Note that Adam hasn't (yet) reviewed this, and its integration
upstream should wait until he's had a chance to look it over. Please
let me know if you have any questions or comments!

Thanks,
Bryan
Theo Schlossnagle
2011-07-02 18:37:55 UTC
Permalink
This is awesome. Thanks for taking the time to dive in and solve this one.

We do indeed have some high-turnover postgres systems that are
impossible to effectively trace due to this issue.

I'm excited to get this into a production kernel over here... in due time :-)
Post by Bryan Cantrill
All,
A longstanding problem that we have had is that enablings on defunct
providers (e.g., USDT probes on dead processes) are not reaped:  the
probes will exist as long as there exists an enabling for them.  When
processes are turning over frequently (or when enablings are
long-running), this can clog up the probe space to the point that
DTrace probe creation will silently fail (an absolutely maddening
failure mode).  This has been hit several times over the years (we
were nailed by it on our build machines at Fishworks) -- so when Theo
Schlossnagle mentioned to me that he was getting killed by this
problem in an environment with rapidly turning over Postgres
processes, I was embarrassed that I hadn't tackled it earlier.  As it
turns out, it was a tad thorny for locking reasons, but a patch for
this problem is attached.  We have integrated this into our bits at
Joyent (internal ticket is OS-454, "enablings on defunct providers
prevent providers from unregistering"), so you'll see this show up
soon at http://github.com/joyent/illumos-joyent -- but I wanted to
give everyone here a heads-up.
Anyway, patch is attached, with my thanks to Adam for  a helpful
discussion on fasttrap's asynchronous provider retiring mechanics.
Note that Adam hasn't (yet) reviewed this, and its integration
upstream should wait until he's had a chance to look it over. Please
let me know if you have any questions or comments!
       Thanks,
       Bryan
--
Theo Schlossnagle

http://omniti.com/is/theo-schlossnagle
Adam Leventhal
2011-07-12 23:38:15 UTC
Permalink
Hey Bryan,

This is great stuff, and -- as you say -- something that we've all
wanted for a long long time. The code looks great. The only addition
I'd ask for is if you considered having a case with bufpolicy=ring
and/or anonymous tracing.

I had a few questions:

Can you explain the purpose of dtrace_unregister_defunct_reap? Is the
idea to try for providers that were recently defunct and then give up
after a minute?

Should the fasttrap cleanup stuff use a taskq rather than its timeout
stuff (not asking you to do it of course)?

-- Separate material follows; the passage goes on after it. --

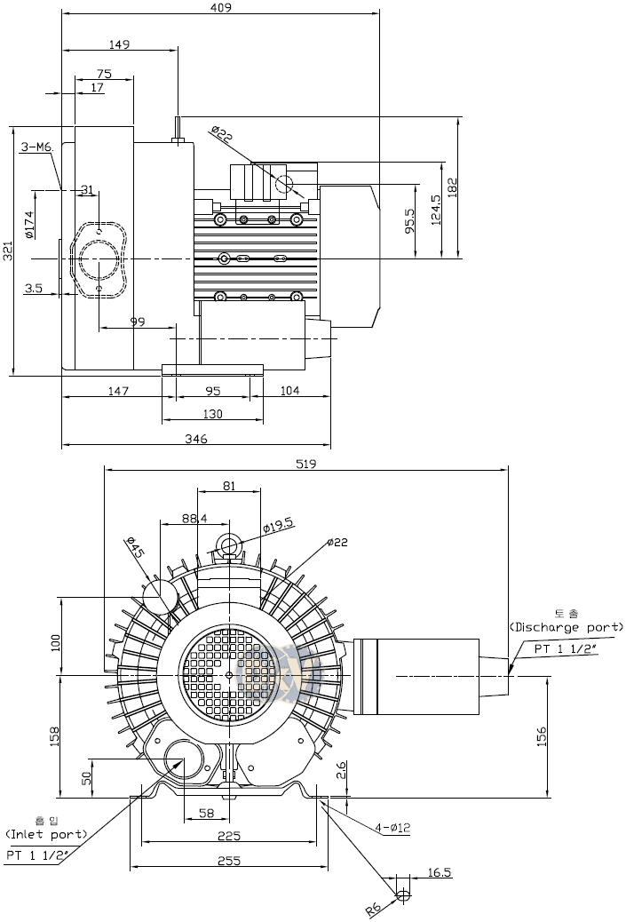 Cổ hút và cổ xả của máy thổi khí con sò Inha IHB-402S-1 đều có ren size tiêu chuẩn PT 1-1/2", thuận tiện khi kết nối với đường ống hoặc các phụ kiện (lọc gió đầu vào, ống giảm thanh, valve chỉnh áp....). Dưới đáy chân đế của máy thổi khí con sò Inha IHB-402S-1 có 4 lỗ khoan Ø 12 mm, thuận tiện khi gá đặt.
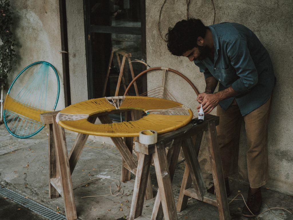 Looking at the metal rings and the skeins of wire, certainly frightened all of us a little: what would be the end result? But if working alone seemed impossible, two more hands were enough to support the circle and proceed with the technique of weaving, giving shape to the fantasies that were previously buried in a tangle of threads. And what an unexpected result! Compositions of colours and shapes, weaving of all kinds, modular seating, XXL toys for curious children … Watching them there, at the Vigne Museum, one can not help but think of the hands that have woven them, the relationships and friendships started in those days.

Can you talk a little about the approach you took? Obviously if you're
using speculative tracing or bufpolicy=ring or anonymous tracing it
limits the efficacy of what you've done. Would it have been possible
to disable the ECBs without destroying them? I assume that's horribly
facile, but I'd be interested to understand.

dtrace_buffer_t structures should be cache-size aligned since they're
per-CPU structures, yes? Would that be worth noting explicitly? And
why did you elect to have padding in two places rather than just 7
64-bit values at the end?

Thanks; again, this is really great.

Adam
Post by Bryan Cantrill
All,
A longstanding problem that we have had is that enablings on defunct
providers (e.g., USDT probes on dead processes) are not reaped:  the
probes will exist as long as there exists an enabling for them.  When
processes are turning over frequently (or when enablings are
long-running), this can clog up the probe space to the point that
DTrace probe creation will silently fail (an absolutely maddening
failure mode).  This has been hit several times over the years (we
were nailed by it on our build machines at Fishworks) -- so when Theo
Schlossnagle mentioned to me that he was getting killed by this
problem in an environment with rapidly turning over Postgres
processes, I was embarrassed that I hadn't tackled it earlier.  As it
turns out, it was a tad thorny for locking reasons, but a patch for
this problem is attached.  We have integrated this into our bits at
Joyent (internal ticket is OS-454, "enablings on defunct providers
prevent providers from unregistering"), so you'll see this show up
soon at http://github.com/joyent/illumos-joyent -- but I wanted to
give everyone here a heads-up.
Anyway, patch is attached, with my thanks to Adam for  a helpful
discussion on fasttrap's asynchronous provider retiring mechanics.
Note that Adam hasn't (yet) reviewed this, and its integration
upstream should wait until he's had a chance to look it over. Please
let me know if you have any questions or comments!
       Thanks,
       Bryan
_______________________________________________
Developer mailing list
http://lists.illumos.org/m/listinfo/developer
--
Adam Leventhal, Delphix
http://dtrace.org/blogs/ahl

275 Middlefield Road, Suite 50
Menlo Park, CA 94025
http://www.delphix.com
Bryan Cantrill
2011-07-13 00:09:25 UTC
Permalink
Hey Adam,
Post by Adam Leventhal
This is great stuff, and -- as you say -- something that we've all
wanted for a long long time. The code looks great. The only addition
I'd ask for is if you considered having a case with bufpolicy=ring
and/or anonymous tracing.
Supporting a ring buffer policy is a tad brutal, because it would
require processing the entire ring to verify that the ECB isn't in it.
There are ways we could optimize that, but they're ugly; unless
someone is burning with this use case, I'd rather punt on it.
Anonymous tracing will just work; once the enabling is claimed, the
buffer will be switched, and it will become reapable.
Post by Adam Leventhal
Can you explain the purpose of dtrace_unregister_defunct_reap? Is the
idea to try for providers that were recently defunct and then give up
after a minute?
Yes; you don't want to keep trying in perpetuity because you may be
blocked by either a ring buffer policy or speculative tracing or
something else that is managing to cache ECB state. So after a while,
you want to give up.
Post by Adam Leventhal
Should the fasttrap cleanup stuff use a taskq rather than its timeout
stuff (not asking you to do it of course)?
Eh, it's fine. ;) I don't think it would be a problem to reimplement
that as a task queue, of course, but I would wait until there was some
compelling reason to do so.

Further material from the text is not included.